When his lover Mandy (Andrea Riseborough) is murdered by an evil cult and a hellish gang of bikers, Red (Nicholas Cage) goes on a fiery rampage of vengeance.
To paraphrase How Did This Get Made?, this is the most un-caged Nicholas Cage movie I have seen in years.
It is also a cinematic tribute to Dario Argento and the best Ronnie James Dio video Ronnie James Dio never made.
The second film from Panos Cosmatos (son of genre filmmaker George Pan Cosmatos), this movie is extremely simple in terms of story: a loved one is killed and an enraged man hunts the killers down and kills them.

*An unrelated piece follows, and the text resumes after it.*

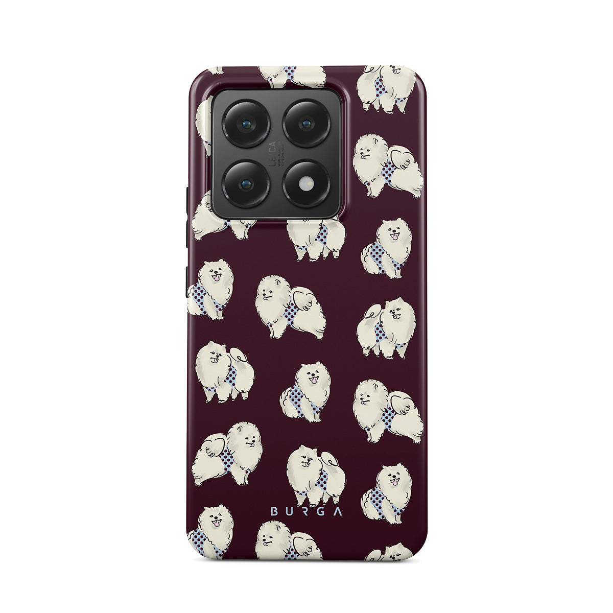 En este diseño: perros blancos y esponjosos sobre un fondo burdeos oscuro, caniches y mascotas.

The film is set in 1983 and there is an audio snippet of a Ronald Reagan address about America's spiritual renewal. The film does feel like it is making a vague point about the end of the 60s, with the story's hippies have becoming self-obsessed spiritualists who use their power to serve themselves.
Trying to work out what to label this movie is pointless. Mandy is set in a cinematic world where bikers take bad drugs and turn into blood-drinking psychos who can be summoned by a rock flute.
The movie's simplicity is a major boon, but there are points where scenes drag on far longer than they need to (Linus Roache gets one monologue too many). However those moments are balanced by the movie's single-minded need to be the most mythically metal tale of vengeance imaginable.
Scenes of Cage forging and making his fearsome blade ala Conan the Barbarian; facing off against the biker gang; or engaging in a gnarly chainsaw duel with a burly cultist feel like a fever dream of seventies and eighties pop culture. This is a berserk genre exercise, awash my vivid colour, hyper-real sound design, simple exposures and animated visions.
Despite the energy and viscera of the movie's key sequences, Mandy comes across as rather mournful and melancholic about the past - all the characters feel like they are attempting to deal with unstated past trauma - Red and Mandy have found solace in each other, while the film's villain (Linus Roache) has insulated himself with sycophants and a penchant for the black arts.
About midway through, it becomes clear that he is a pathetic loser with no real control over what he is doing. Like our heroes, there is a sense that his time has passed. While the movie feels like a fantasy, there is a sense of loss and age that - weirdly - grounds the movie.
Strange and haunting, Mandy contains many of the tropes of exploitation cinema of one era, but also feels like an oblique commentary about the end of a preceding one. Simple yet complex, over-stylised yet incredibly functional, histrionic yet subdued, Mandy is as surprising and hard to categorise as its leading man's performance choices.